Saturday, January 3, 2009

Do I Really Want to Share?

DH knows I've been reading lots of blogs lately.  Today he asked me if I've started my own yet.  It's not like I'm going to lie about it.  So of course I told him yes.  And he mentioned something about wanting to read it, or being interested in reading it... something to that effect.  *sigh*  I have nothing to hide from him, but if I know that someone I am so close with is reading, I worry that I won't continue to be true to myself with my posts.  And I worry that he'll think I'm posting about particular things as a way of trying to bring up a subject with him that I can't bring up in person, or as a way of getting at him for something.  All ready I've questioned whether I should even be writing this.  


2 comments:

Independent Chick said...

I questioned it too. This is blog number two for me. I had written one for about two years and then prying eyes entered and instead of reading and moving on, they made judgements.
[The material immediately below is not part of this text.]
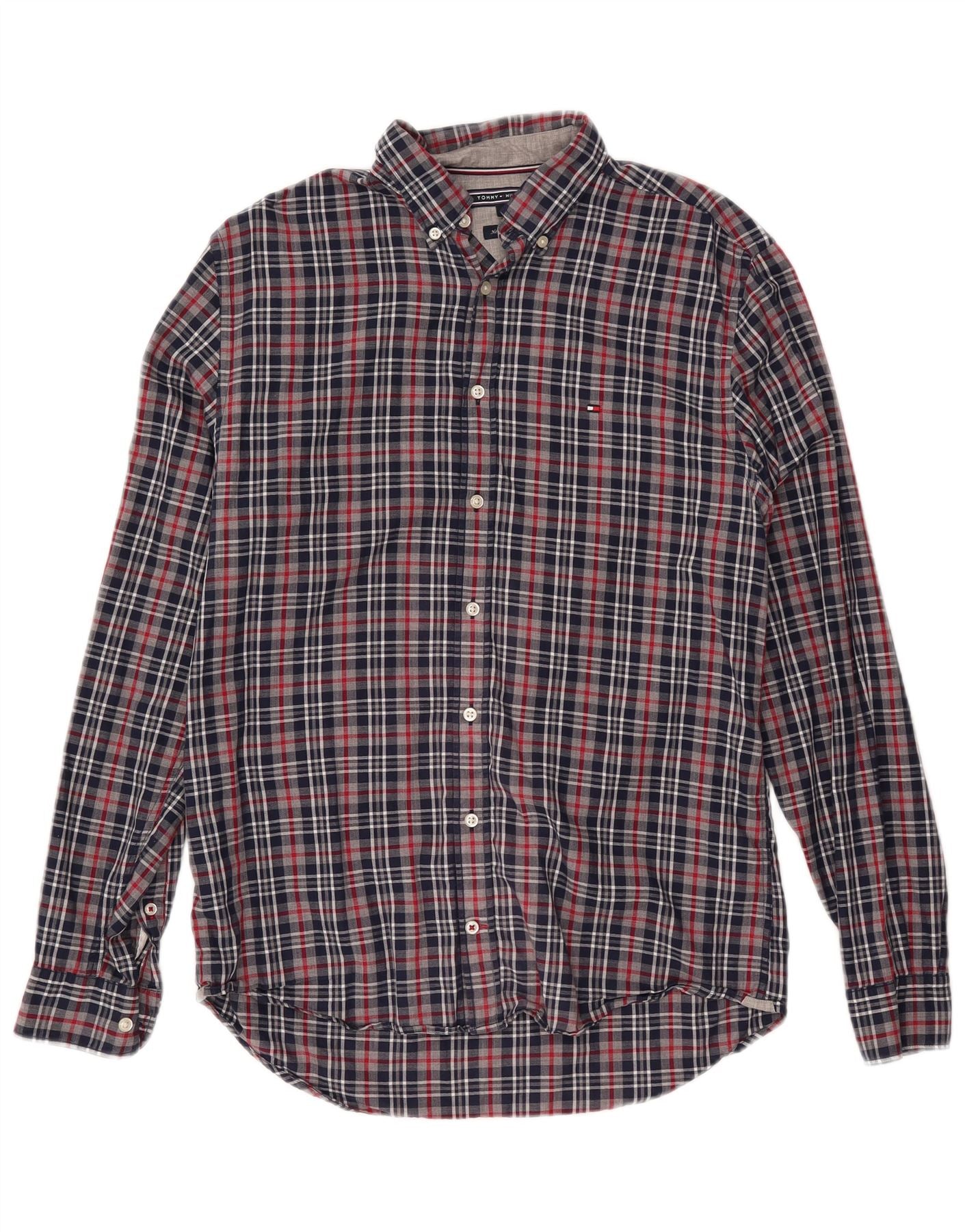 TOMMY HILFIGER Mens Shirt Medium Navy Blue Check Cotton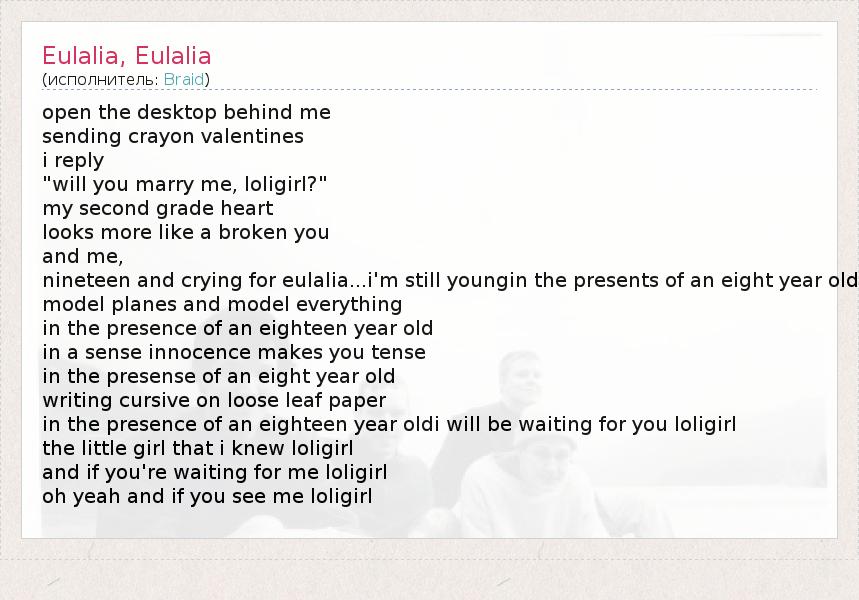 А как ты думаешь, о чем песня "Eulalia, Eulalia" ?

Well, that one got deleted. I regret it sometimes because there were somethings in there that were damn funny but it is what it is. As for this one, nothing in it I wouldn't say anyway. I live with my emotions on my sleeve, always have. Besides I do it for me, the rest, well they can pee off if they don't like it. Do it for you. Enjoy it. : )

cuddles said...

It's too bad you deleted your old blog, I lurked there a bit (sorry for not de-lurking sooner!) and you're right, there was some damn funny stuff there. :) I was happy to stumble across your new blog though!
I too, wear my emotions on my sleeve, so I get where you're coming from.
Thanks for coming to visit me. Your insights are appreciated.